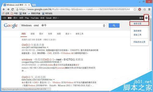 8、在搜索结果页中,点击齿轮状的图标“设置”,再选择“搜索设置”,如下图所示:
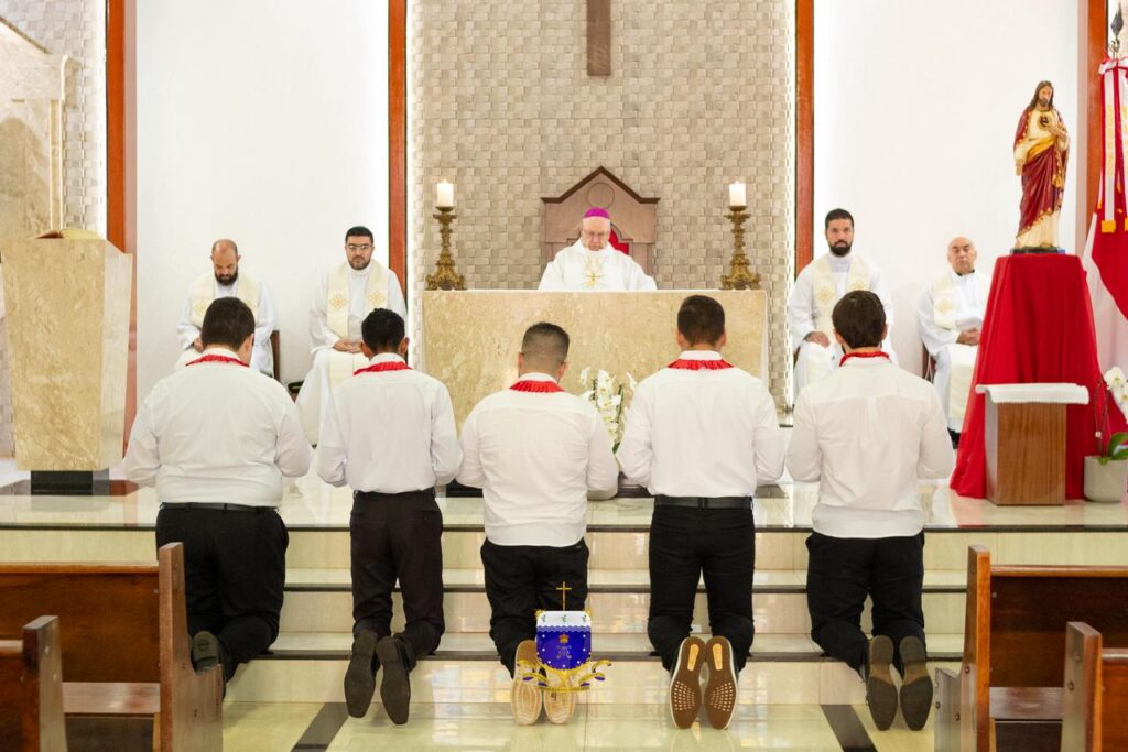 Consagraram-se André, Augusto, Caio e Rubens (Diocese de Dourados) e Wanderson (Diocese de Corumbá). A consagração ao Sagrado Coração é um gesto ligado ao Apostolado da Oração e expressa o compromisso de oferecer a vida a Deus por meio da oração e do sacrifício, unindo-se espiritualmente a Cristo e colocando nele todas as intenções da vida e da vocação.
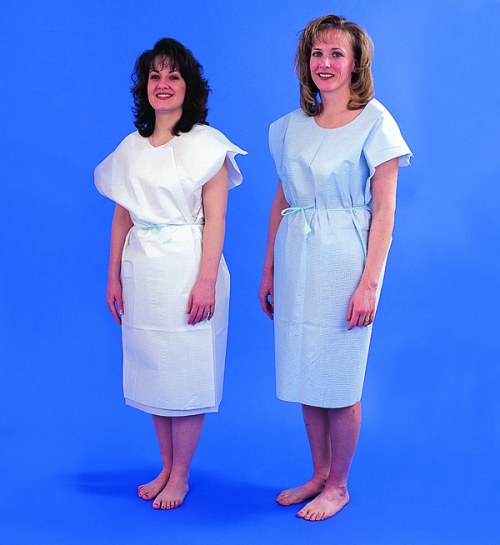 Blue Cs/50 * Modest versatile front/back open design * 30 x 42 * tissure / poly/ tissue backing * Shipping Carton Size: 16 L x 12 W x 10 H
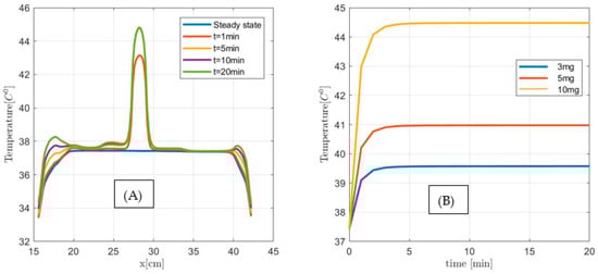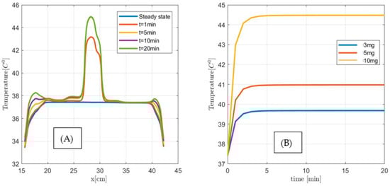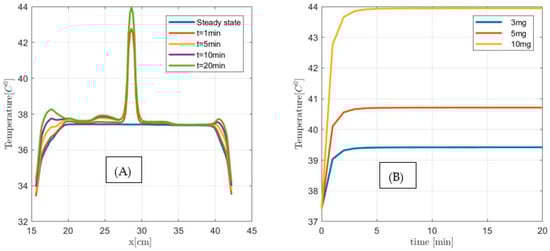 (A) Temperature versus distance along the observation line (the black double arrow line see Figure 11) for a 2 cm3 size pancreatic tumor with 10 µL MNP for steady state, and after 1 min, 5 min, and 10 min exposure time. (B) Temperature versus time at the center of 1 cm3 size pancreatic tumor for 3 µL (3 mg), 5 µL (5 mg), and 10 µL (10 g) MNP per gram tumor.

______________________________

Starting with the line that holds "Consagraram-se André, Augusto, Caio", retype each line through the last one in the listing above, exactly as written. Do not copy any pictures.

> [Answer to the exercise]:
 Consagraram-se André, Augusto, Caio e Rubens (Diocese de Dourados) e Wanderson (Diocese de Corumbá). A consagração ao Sagrado Coração é um gesto ligado ao Apostolado da Oração e expressa o compromisso de oferecer a vida a Deus por meio da oração e do sacrifício, unindo-se espiritualmente a Cristo e colocando nele todas as intenções da vida e da vocação.
 Blue Cs/50 * Modest versatile front/back open design * 30 x 42 * tissure / poly/ tissue backing * Shipping Carton Size: 16 L x 12 W x 10 H
 (A) Temperature versus distance along the observation line (the black double arrow line see Figure 11) for a 2 cm3 size pancreatic tumor with 10 µL MNP for steady state, and after 1 min, 5 min, and 10 min exposure time. (B) Temperature versus time at the center of 1 cm3 size pancreatic tumor for 3 µL (3 mg), 5 µL (5 mg), and 10 µL (10 g) MNP per gram tumor.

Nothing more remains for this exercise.